Pertama: Syeitan musuh abadi manusia yang merupakan satu sebab penting eksternal yang mempengaruhi iman dan mengurangi kekokohannya.

Kedua: Dunia dan fitnah (godaan)nya.  Menyibukkan diri dengan dunia dan perhiasannya termasuk sebab yang dapat mengurangi iman. Sebab semakin semangat manusia memiliki dunia dan semakin menginginkannya, maka semakin memberatkan dirinya berbuat ketaatan dan mencari kebahagian akherat, sebagaiman dituturkan Imam Ibnul Qayyim.

Ketiga: Teman bergaul yang jelek. Teman yang jelek dan jahat menjadi sesuatu yang sangat berbahaya terhadap keimanan, akhlak dan agamanya. Karena itu Nabi shallallahu ‘alaihi wa sallam telah memperingatkan kita dari hal ini dalam sabda beliau,

الرَّجُلُ عَلَى دِينِ خَلِيلِهِ فَلْيَنْظُرْ أَحَدُكُمْ مَنْ يُخَالِلُ

Seorang itu berada di atas agama kekasihnya (teman dekatnya), maka hendaknya salah seorang kalian melihat siapa yang menjadi kekasihnya.”[5]

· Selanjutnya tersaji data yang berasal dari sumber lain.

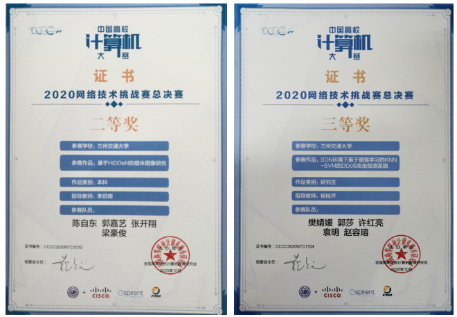 10月25日,2020年中国高校计算机大赛—网络技术挑战赛总决赛在温州浙南科技城落下帷幕。由李启南老师指导、计算机1903班陈自东等同学完成的作品《基于HiDDeN的载体图像研究》获本科组全国二等奖,由杨桂芹老师指导、电信学院研究生樊婧媛等同学完成的作品《SDN环境下基于增强学习的KNN-SVM的DDoS攻击检测系统》获研究生组全国三等奖,创我校历年参赛以来最佳成绩。

Demikianlah perkara yang harus diperhatikan dalam iman, mudah-mudahan hal ini dapat menggerakkan kita untuk lebih mengokohkan iman  dan menyempurnakannya.

Wabillahi taufiq.

Penulis: Ustadz Kholid Syamhudi, Lc

Artikel www.muslim.or.id


[1] At-taudhih wa al-Bayaan Lisyajarat al-Imaan hlm 38

[2] Ibid hlm 31

[3] Fathu rabbi al-Bariyah hlm 65

[4] Ighaatsatu al-Lahafaan 2/142

[5] HR at-Tirmidzi 4/589 dan dinilai hasan oleh iman al-Albani.

  • http://alimalbantuliy.blogspot.com abu hanifah alim

    semoga Allah senantiasa memberikan hidayah-Nya kepada kita,
    memberikan petunjuk kepada kita supaya bisa melakukan amal shalih yang akan menambah keimanan kita, dan menjauhkan diri kita dari sesuatu yang akan mengurangi iman

  • jazuli

    agar lebih mengenai sasaran ( kita yang membaca ) sekaligus untuk menambah keyakinan dan kemantapan lebih baik ditambah dalil al’quran dan hadis nya.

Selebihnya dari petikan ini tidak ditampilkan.